Every morning I sit in silence, trusting I’ll be led to words I write or words already written. I’m reminded of the ebb and flow of breath, of energy, of seasons, of life. I challenge myself to the task of discerning what I am feeling and what I am picking up of the collective emotion during this pandemic. Sometimes this is palpably clear as tears flow down my face without knowledge of where they come from. Other times my heart pulses with pain of my own doing. I remember now without prompting I am empathic. I feel deeply and it’s okay. My inner struggle is over having folded it into acceptance of who I am. I remember now to ask myself what I need. I choose not to abandon myself in my struggle. I remember now to stand with proudness for my wounds and scars carrying useful lessons for my growth. I remember now to bring myself back to the present where I am safe.
A friend of mine shared this poem with me several years ago. When I originally read it, a deep stirring of truth rang through me.
by Mike Dakota
One night, wandering in the darkness,
near the edge of dreams,
a Goddess came, in a shower of light
and revealed her thoughts to me.
She said, “Does the sun need to see its own reflection
to know that it burns strong?
Do not be deceived,
by looking into others
for what they are accepting.
An image in a mirror
can only show something that has been.
“And you flower in the present,
not the future, not the past.
Your light grows dim and loses strength
shining forward or shining back.
“The power is in the present,
it’s the focal point of time.
So, concentrate the energy
in your mind.”
I heard “I am a certain way and that's okay”. Being ourselves is okay, That’s our best selves. You spoke of seeing ourselves reflected. It’s good to be choosy about the people we are with, not with people that judge us. Better to get light from people. I am uniting with more people during this pandemic through this technology, my universe is expanding.

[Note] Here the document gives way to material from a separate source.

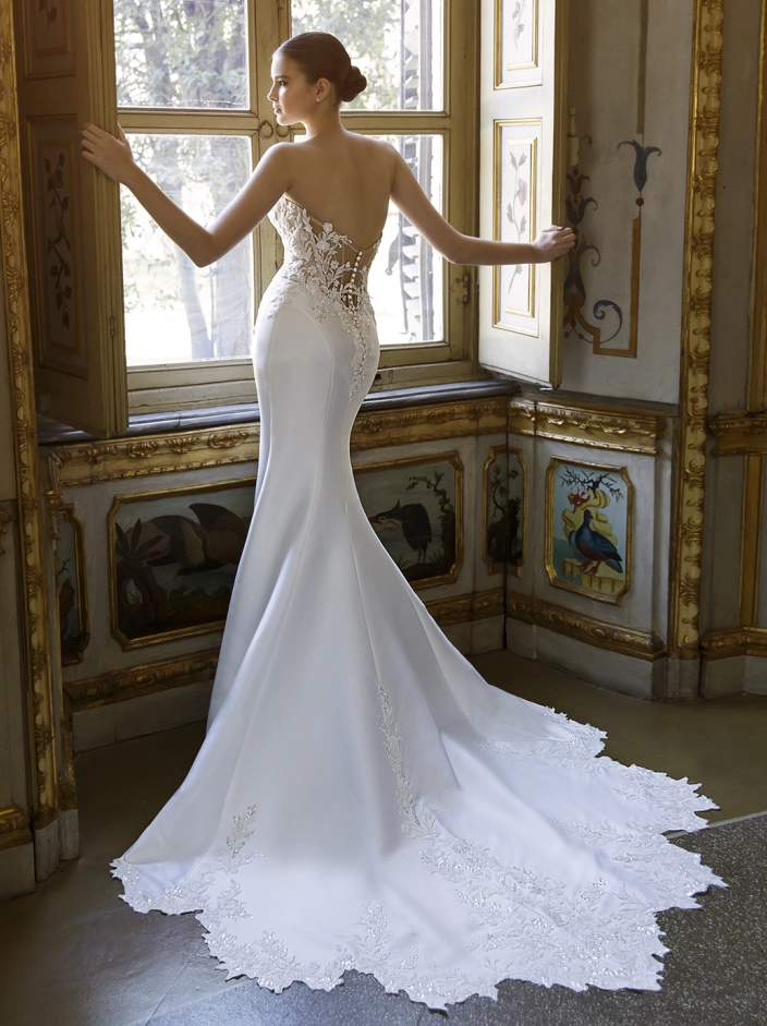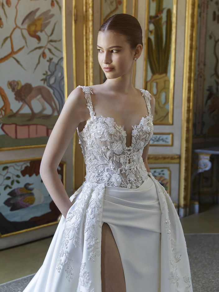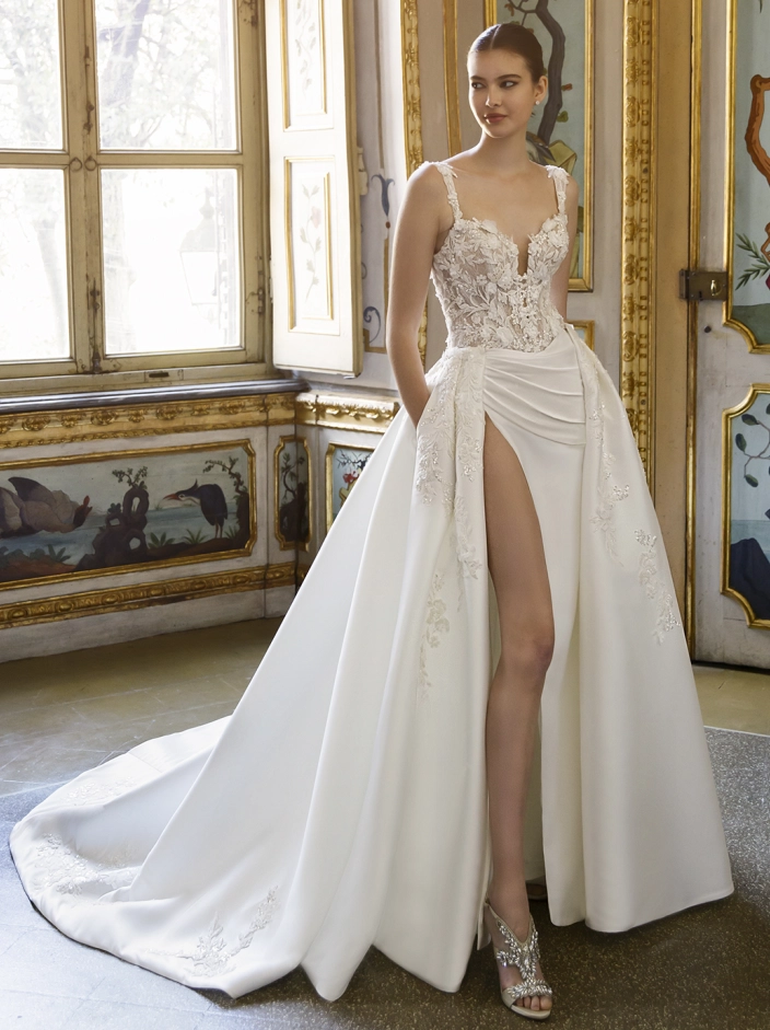DIVINA is here to sparkle with her radiant, multi-layered beaded floral and Chantilly lace bodice with delicate 3D floral motifs. This gown leaves us stunned with the glamorously dramatic and detachable ball gown overskirt (with pockets!) enhanced with additional sparkling beaded lace. Effortlessly remove the overskirt to reveal a sexy, draped column skirt with a stunning high slit and signature ÉLYSÉE sculpted train. A spectacular 2-in-1 look for your wedding day!

This was a good meditation. I feel sad. My friend lost 2 brothers in five days. She is family, and I can’t comfort her. It’s hard to know what to do. There was a funeral procession that she liked. It was so quick. During the meditation, I sent her love on my breath. I'm here for her.
We lean into each other.
I was struck by the awe of two funerals. These things are happening because of asymptomatic carriers. There is such irony in what we are going through: the people we love and reach out to are killing us. This will be food for thought for years for philosophers, how we reconcile this.
It will take a long time to parse it all out. We are living through intense times. We will get more information in the future.

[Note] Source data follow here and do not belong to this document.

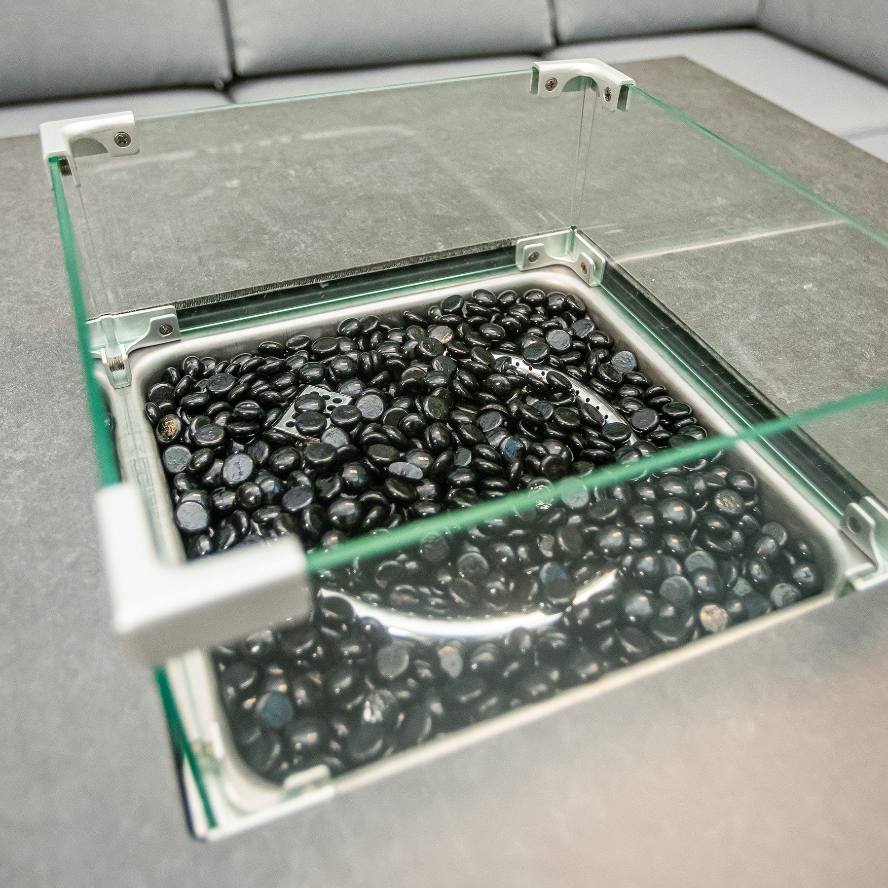 The glass similar to the aluminium frame is likely to collect dirt or dust, this may also get water drying marks; this can be cleaned with any household window cleaner and wiped dry of any residue. Do not clean the firepit glass immediately after use, allow the table and glass to fully cool (if purchasing an applicable set)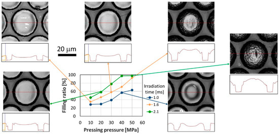 Figure 4 shows the relationship between the filling ratio and the pressing pressure for each laser-irradiation time in the replication of the 33-μm-pitch MLA. In addition, Figure 4 shows laser microscopic images taken at pressing pressures of 10, 30, and 50 MPa for the laser-irradiation time of 1.6 ms, an image taken at a pressing pressure of 40 MPa and laser-irradiation time of 1.0 ms, and an image taken at a pressing pressure of 20 MPa and laser-irradiation time of 2.1 ms. The filling ratio increased with increasing pressing pressure and laser-irradiation time. This tendency showed that the higher the pressing pressure, the faster the PMMA flowed and filled the mold. When the pressing pressure was increased, the thermal contact resistance between the PMMA film and the Ni mold decreased. The temperature of the PMMA then increased because of the increase in heat input, and the viscosity of the PMMA decreased. This decrease in the viscosity allowed the PMMA to flow more easily. At a pressing pressure of 50 MPa, although the filling ratio was approximately 100% for the laser-irradiation times of 1.6 and 2.1 ms, it was only approximately 60% for the laser-irradiation time of 1.0 ms. This was due to the laser irradiation being insufficient for the laser-irradiation time of 1.0 ms. When the laser irradiation was insufficient, the depth of the PMMA experiencing a temperature exceeding Tg was smaller than the lens depth of the 33-μm-pitch MLA. The filling ratio was almost identical when the pressing pressure and laser-irradiation time were 40 MPa and 1.0 ms, 30 MPa and 1.6 ms, and 20 MPa and 2.1 ms, respectively. In the laser microscopy images obtained under these conditions, the height difference between the highest area and the center of the replicated microlens decreased with increasing laser-irradiation time. This tendency showed that the temperature of the PMMA exceeded Tg not only in the mold contact area but also in the noncontact area when sufficient laser irradiation was provided, causing the PMMA to flow in both the contact area and the noncontact area. On the other hand, when the laser irradiation was insufficient, the temperature of the PMMA only exceeded Tg in the contact area and the PMMA flowed only in the contact area. As can be seen in the result associated with an irradiation time of 2.1 ms and pressing pressure of 50 MPa, the filling was almost perfect. The LATI process possibly did not reach 100% filling because of shrinkage due to rapid cooling after the laser irradiation. However, the filling was successful using the various pressing pressures applied in this study.
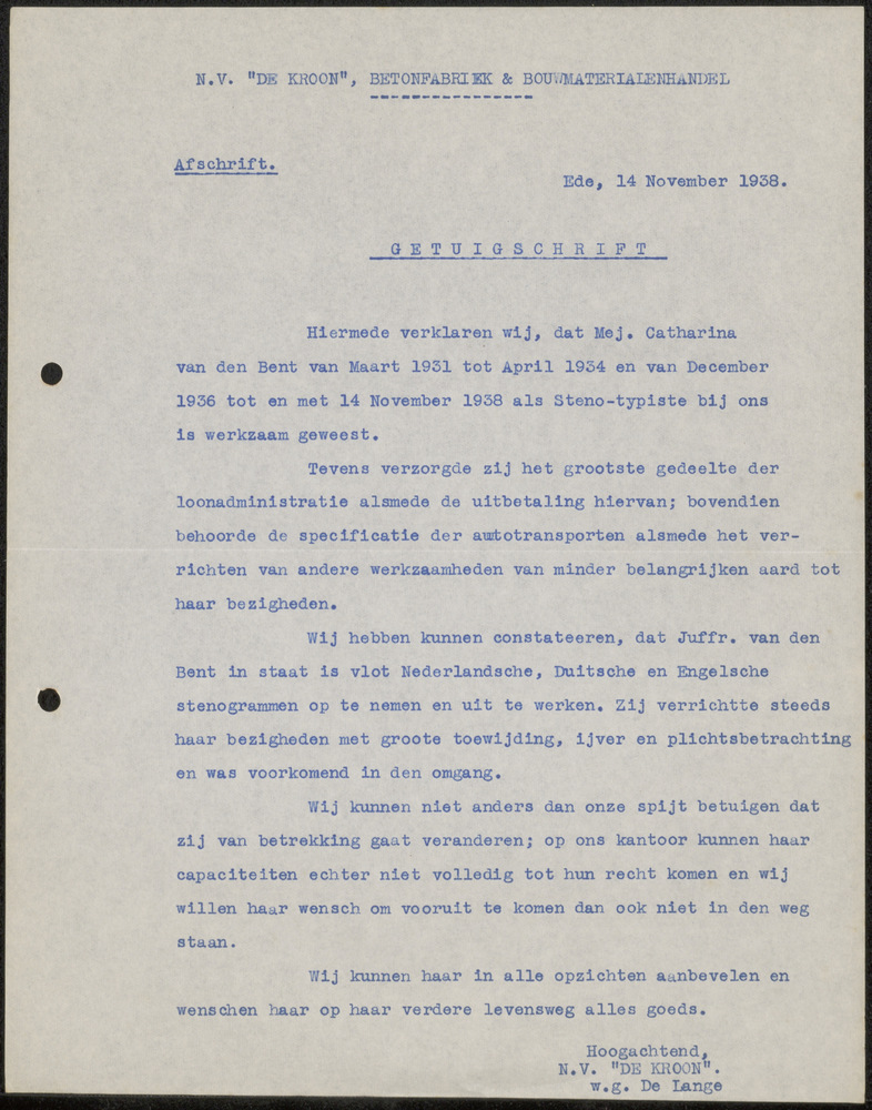 Levensloop L.A. de Bruin in Nederlands en Duits gesc...

What was true then is not true now.
The world we knew growing up is no longer. Giving ourselves time and gentleness is important.
Thank you for the reading. During the meditation, it was difficult to stay in the present. Last night, I dreamt about being in my house and a room was on fire. I needed to put on my sweat pants. I kept looking for them while the fire raged. I couldn’t escape without them. By the end, the fire had gone out. I think it represents my worry about wearing my mask correctly, not wanting to harm my family or clients. The fire is there, all around us. It’s good to stay in the present.
The house is our self. I sleep with teeth gritted. Dreams tell us where we are
I was struck by the words “power in present”. And the idea of the power being dispersed if we push it into past. Usually I don’t look at myself when I talk, and zoom is great as a reflection. Can see how we come across to others.
During the meditation, I saw an image of the sun shining and with lots of clouds behind it. We don’t see that normally; usually the sun is behind the clouds. I interpreted it as the clouds are dark times and the light, the rays are on top. The sun is still there. Powerful.
I heard this poem I shared today. The author had read it in modesty, and I was moved by how articulate it is. He is making a difference in this world.